About this exercise -
Write out the data below exactly as given, without any of its pictures.

= Beginning of Section =

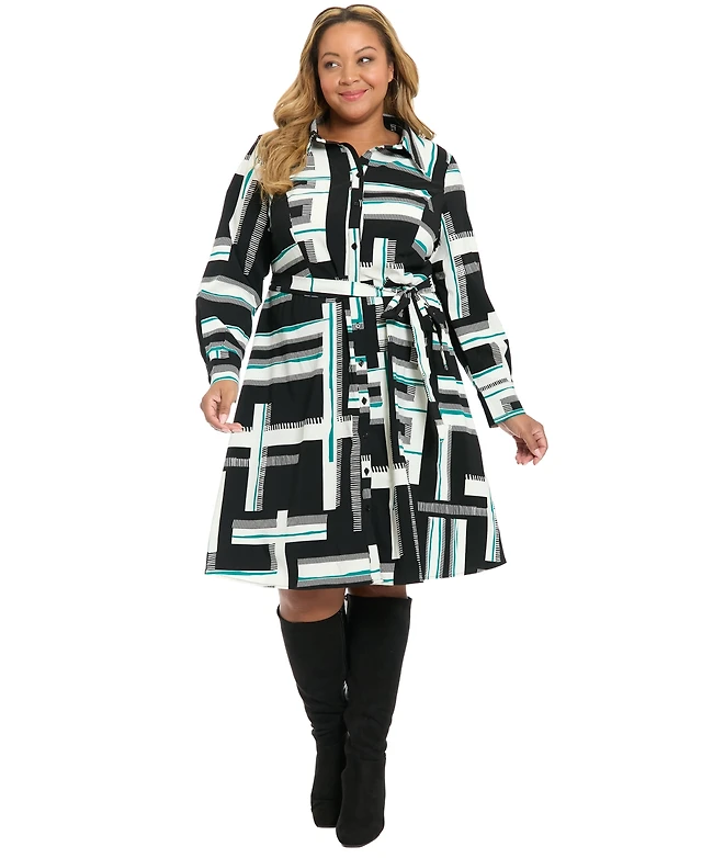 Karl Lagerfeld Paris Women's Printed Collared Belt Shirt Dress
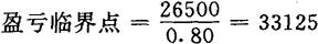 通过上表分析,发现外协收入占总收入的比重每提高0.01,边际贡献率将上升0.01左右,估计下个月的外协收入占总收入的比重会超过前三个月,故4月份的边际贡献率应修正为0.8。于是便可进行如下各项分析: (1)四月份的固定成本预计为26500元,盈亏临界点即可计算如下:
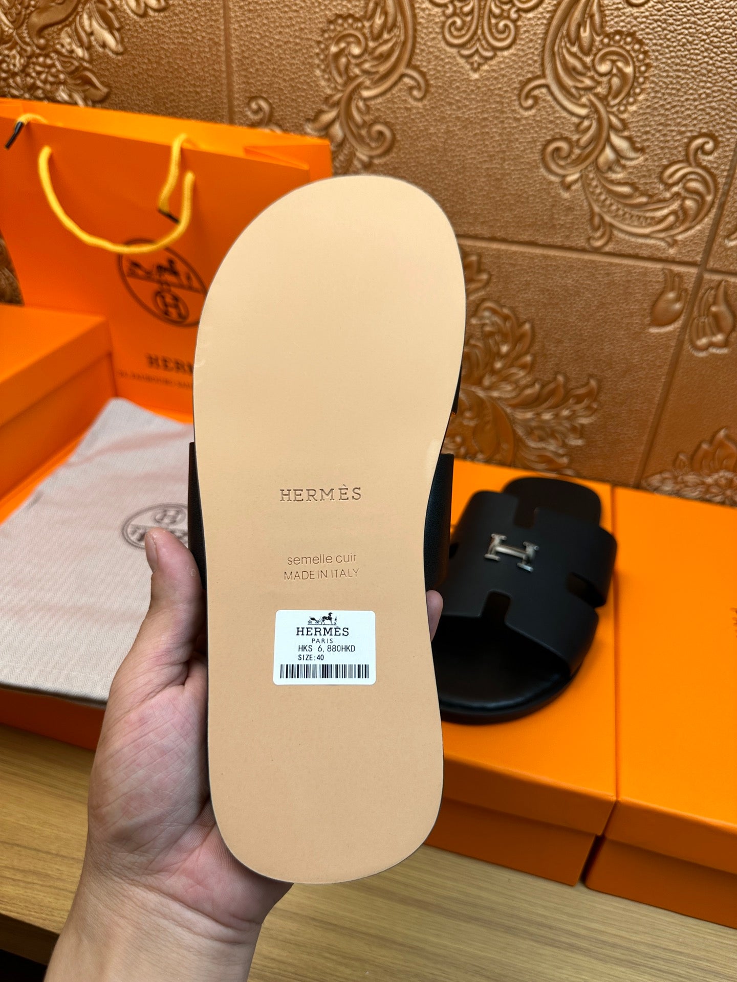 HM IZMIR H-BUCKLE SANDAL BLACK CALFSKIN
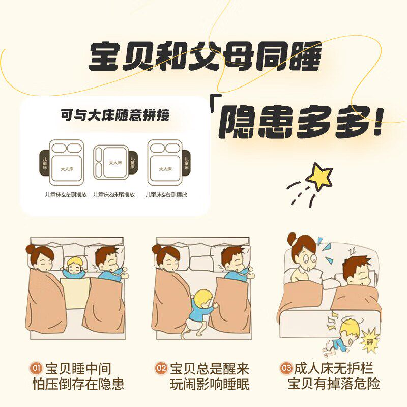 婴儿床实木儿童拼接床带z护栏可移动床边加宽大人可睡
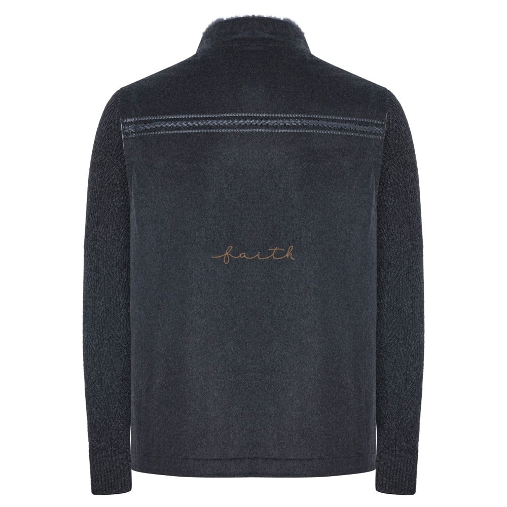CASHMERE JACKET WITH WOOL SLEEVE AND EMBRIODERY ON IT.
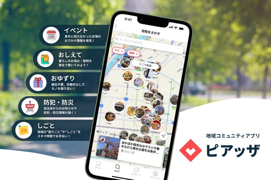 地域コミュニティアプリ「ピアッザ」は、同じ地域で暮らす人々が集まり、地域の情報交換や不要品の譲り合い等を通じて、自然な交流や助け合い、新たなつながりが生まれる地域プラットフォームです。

= End of Section =

Your solution -
 Karl Lagerfeld Paris Women's Printed Collared Belt Shirt Dress
 通过上表分析,发现外协收入占总收入的比重每提高0.01,边际贡献率将上升0.01左右,估计下个月的外协收入占总收入的比重会超过前三个月,故4月份的边际贡献率应修正为0.8。于是便可进行如下各项分析: (1)四月份的固定成本预计为26500元,盈亏临界点即可计算如下:
 HM IZMIR H-BUCKLE SANDAL BLACK CALFSKIN
 婴儿床实木儿童拼接床带z护栏可移动床边加宽大人可睡
CASHMERE JACKET WITH WOOL SLEEVE AND EMBRIODERY ON IT.
 地域コミュニティアプリ「ピアッザ」は、同じ地域で暮らす人々が集まり、地域の情報交換や不要品の譲り合い等を通じて、自然な交流や助け合い、新たなつながりが生まれる地域プラットフォームです。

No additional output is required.